Batch processing: analyzing thousands of documents, processing support tickets
Well-defined domains: operations with clear success/failure criteria
Trusted agents: systems that have been validated through HITL/HOTL phases
Scale-critical workloads: where per-action human review is impossible

Implementation: Policy-Based Guardrails

from dataclasses import dataclass, field


@dataclass
class AgentPolicy:
    """Human-defined policies that constrain agent behavior."""
    allowed_tools: list[str] = field(default_factory=list)
    blocked_tools: list[str] = field(default_factory=list)
    max_cost_per_task: float = 10.0  # dollars
    max_steps: int = 20
    require_approval_for: list[str] = field(default_factory=list)
    output_constraints: dict = field(default_factory=dict)

    def is_tool_allowed(self, tool_name: str) -> bool:
        if self.blocked_tools and tool_name in self.blocked_tools:
            return False
        if self.allowed_tools and tool_name not in self.allowed_tools:
            return False
        return True

    def needs_approval(self, tool_name: str) -> bool:
        return tool_name in self.require_approval_for


class PolicyEnforcedAgent:
    """Agent that operates autonomously within human-defined policies."""

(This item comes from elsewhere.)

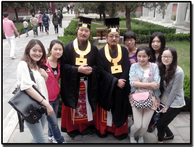 在将近一个小时的祭孔大典中,留学生和中国学生一直在仔细聆听、观看,在真实的文化体验中感受到了中国传统文化的博大精深。中外学生不时进行交流。
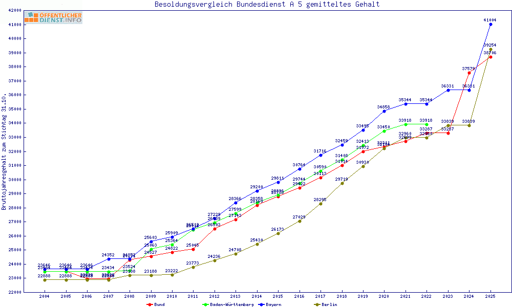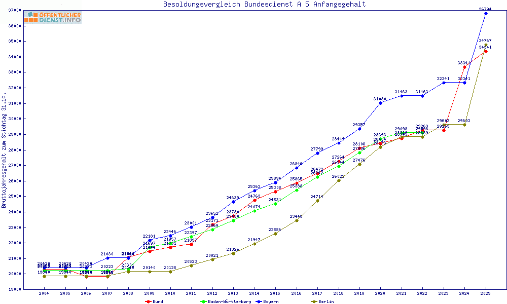 | Besoldungsvergleich A 5 im Jahr 2025 | gemitteltes Gehalt | ||||||

    def __init__(self, tools: dict, policy: AgentPolicy):
        self.tools = tools
        self.policy = policy
        self.total_cost = 0.0
        self.execution_log = []

    async def run(self, query: str) -> dict:
        messages = [
            {"role": "system", "content": self._build_system_prompt()},
            {"role": "user", "content": query},
        ]

        for step in range(self.policy.max_steps):
            response = await call_llm_async(messages, self.tools)
            self.total_cost += estimate_cost(response)
            messages.append(response)

            # Policy check: cost budget
            if self.total_cost > self.policy.max_cost_per_task:
                self.execution_log.append({"event": "budget_exceeded", "step": step})
                return {"status": "budget_exceeded", "log": self.execution_log}

            if not response.tool_calls:
                return {
                    "status": "completed",
                    "answer": response.content,
                    "log": self.execution_log,
                    "total_cost": self.total_cost,
                }

            for tool_call in response.tool_calls:
                tool_name = tool_call.function.name

                # Policy check: tool allowlist/blocklist
                if not self.policy.is_tool_allowed(tool_name):
                    self.execution_log.append({
                        "event": "tool_blocked",
                        "tool": tool_name,
                        "step": step,
                    })
                    messages.append({
                        "role": "tool",
                        "tool_call_id": tool_call.id,
                        "content": f"Error: Tool '{tool_name}' is not allowed by policy.",
                    })
                    continue

                # Policy check: escalation for sensitive tools
                if self.policy.needs_approval(tool_name):
                    self.execution_log.append({
                        "event": "escalated",
                        "tool": tool_name,
                        "step": step,
                    })
                    return {
                        "status": "needs_approval",
                        "pending_tool": tool_name,
                        "pending_args": tool_call.function.arguments,
                        "log": self.execution_log,
                    }

                # Execute within policy
                result = self.tools[tool_name](
                    **json.loads(tool_call.function.arguments)
                )
                self.execution_log.append({
                    "event": "tool_executed",
                    "tool": tool_name,
                    "step": step,
                })
                messages.append({
                    "role": "tool",
                    "tool_call_id": tool_call.id,
                    "content": str(result),
                })

        return {"status": "max_steps_reached", "log": self.execution_log}

    def _build_system_prompt(self) -> str:
        allowed = ", ".join(self.policy.allowed_tools) if self.policy.allowed_tools else "all"
        blocked = ", ".join(self.policy.blocked_tools) if self.policy.blocked_tools else "none"
        return (
            f"You are an autonomous assistant operating under the following policies:\n"
            f"- Allowed tools: {allowed}\n"
            f"- Blocked tools: {blocked}\n"
            f"- Maximum steps: {self.policy.max_steps}\n"
            f"- Work within these constraints. If you cannot complete the task within policy, explain why."
        )


# Human configures the policy once
policy = AgentPolicy(
    allowed_tools=["search_docs", "read_file", "calculator"],
    blocked_tools=["delete_file", "send_email"],
    max_cost_per_task=5.0,
    max_steps=15,
    require_approval_for=["write_file"],
)

# Agent runs autonomously within those bounds
agent = PolicyEnforcedAgent(tools=all_tools, policy=policy)
result = await agent.run("Summarize all Q4 reports and calculate total revenue")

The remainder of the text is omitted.